--- START ---

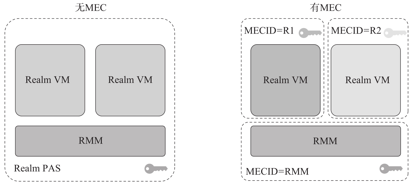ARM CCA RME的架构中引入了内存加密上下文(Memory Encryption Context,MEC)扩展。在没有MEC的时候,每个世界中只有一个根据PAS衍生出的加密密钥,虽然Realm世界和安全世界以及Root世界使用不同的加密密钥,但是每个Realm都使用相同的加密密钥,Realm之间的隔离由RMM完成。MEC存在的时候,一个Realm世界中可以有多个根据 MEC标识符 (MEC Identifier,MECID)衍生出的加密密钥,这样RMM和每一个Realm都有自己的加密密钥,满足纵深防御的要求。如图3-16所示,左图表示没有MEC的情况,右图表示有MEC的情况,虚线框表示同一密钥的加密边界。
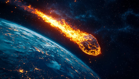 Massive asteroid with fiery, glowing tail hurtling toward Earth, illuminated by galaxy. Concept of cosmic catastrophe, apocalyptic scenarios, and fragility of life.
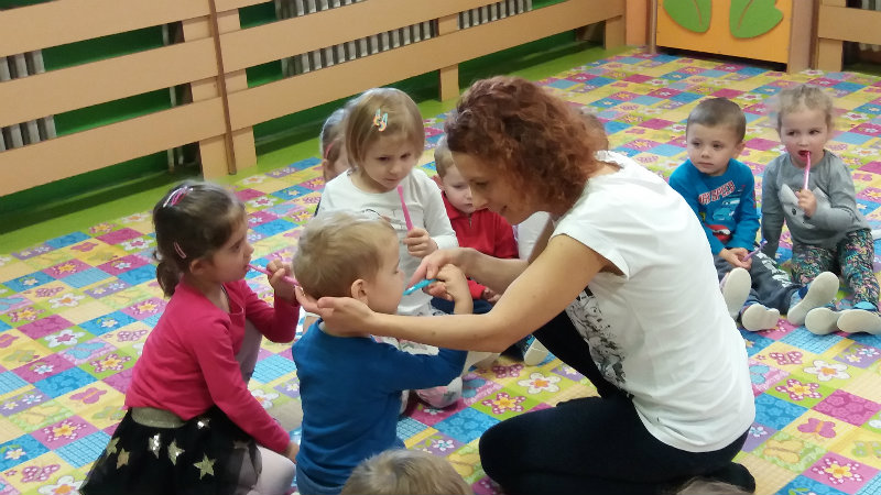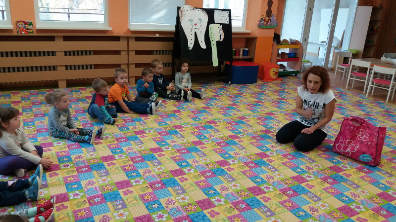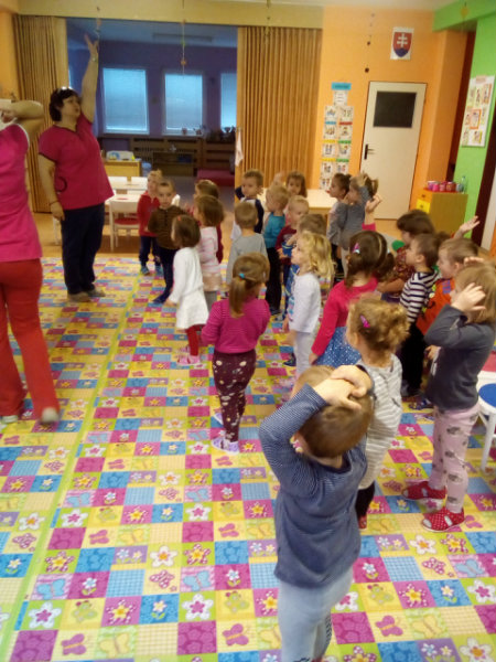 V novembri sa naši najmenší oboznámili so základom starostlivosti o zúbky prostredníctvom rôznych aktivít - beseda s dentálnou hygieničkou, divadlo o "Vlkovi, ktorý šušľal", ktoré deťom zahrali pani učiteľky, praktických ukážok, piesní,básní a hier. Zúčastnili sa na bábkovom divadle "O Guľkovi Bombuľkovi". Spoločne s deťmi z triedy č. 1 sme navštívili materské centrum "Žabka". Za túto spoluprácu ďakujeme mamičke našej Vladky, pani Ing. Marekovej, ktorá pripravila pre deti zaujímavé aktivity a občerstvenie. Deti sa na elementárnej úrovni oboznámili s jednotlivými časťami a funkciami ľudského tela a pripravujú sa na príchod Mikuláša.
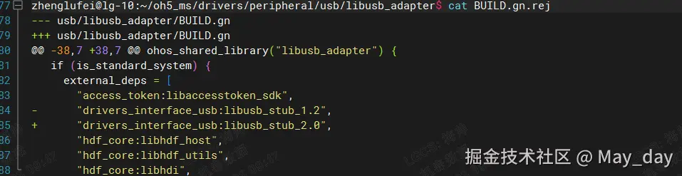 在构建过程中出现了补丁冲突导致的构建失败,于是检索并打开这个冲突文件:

--- END ---

Every line of the listing should be copied precisely, with images omitted.

ARM CCA RME的架构中引入了内存加密上下文(Memory Encryption Context,MEC)扩展。在没有MEC的时候,每个世界中只有一个根据PAS衍生出的加密密钥,虽然Realm世界和安全世界以及Root世界使用不同的加密密钥,但是每个Realm都使用相同的加密密钥,Realm之间的隔离由RMM完成。MEC存在的时候,一个Realm世界中可以有多个根据 MEC标识符 (MEC Identifier,MECID)衍生出的加密密钥,这样RMM和每一个Realm都有自己的加密密钥,满足纵深防御的要求。如图3-16所示,左图表示没有MEC的情况,右图表示有MEC的情况,虚线框表示同一密钥的加密边界。
 Massive asteroid with fiery, glowing tail hurtling toward Earth, illuminated by galaxy. Concept of cosmic catastrophe, apocalyptic scenarios, and fragility of life.
 V novembri sa naši najmenší oboznámili so základom starostlivosti o zúbky prostredníctvom rôznych aktivít - beseda s dentálnou hygieničkou, divadlo o "Vlkovi, ktorý šušľal", ktoré deťom zahrali pani učiteľky, praktických ukážok, piesní,básní a hier. Zúčastnili sa na bábkovom divadle "O Guľkovi Bombuľkovi". Spoločne s deťmi z triedy č. 1 sme navštívili materské centrum "Žabka". Za túto spoluprácu ďakujeme mamičke našej Vladky, pani Ing. Marekovej, ktorá pripravila pre deti zaujímavé aktivity a občerstvenie. Deti sa na elementárnej úrovni oboznámili s jednotlivými časťami a funkciami ľudského tela a pripravujú sa na príchod Mikuláša.
 在构建过程中出现了补丁冲突导致的构建失败,于是检索并打开这个冲突文件:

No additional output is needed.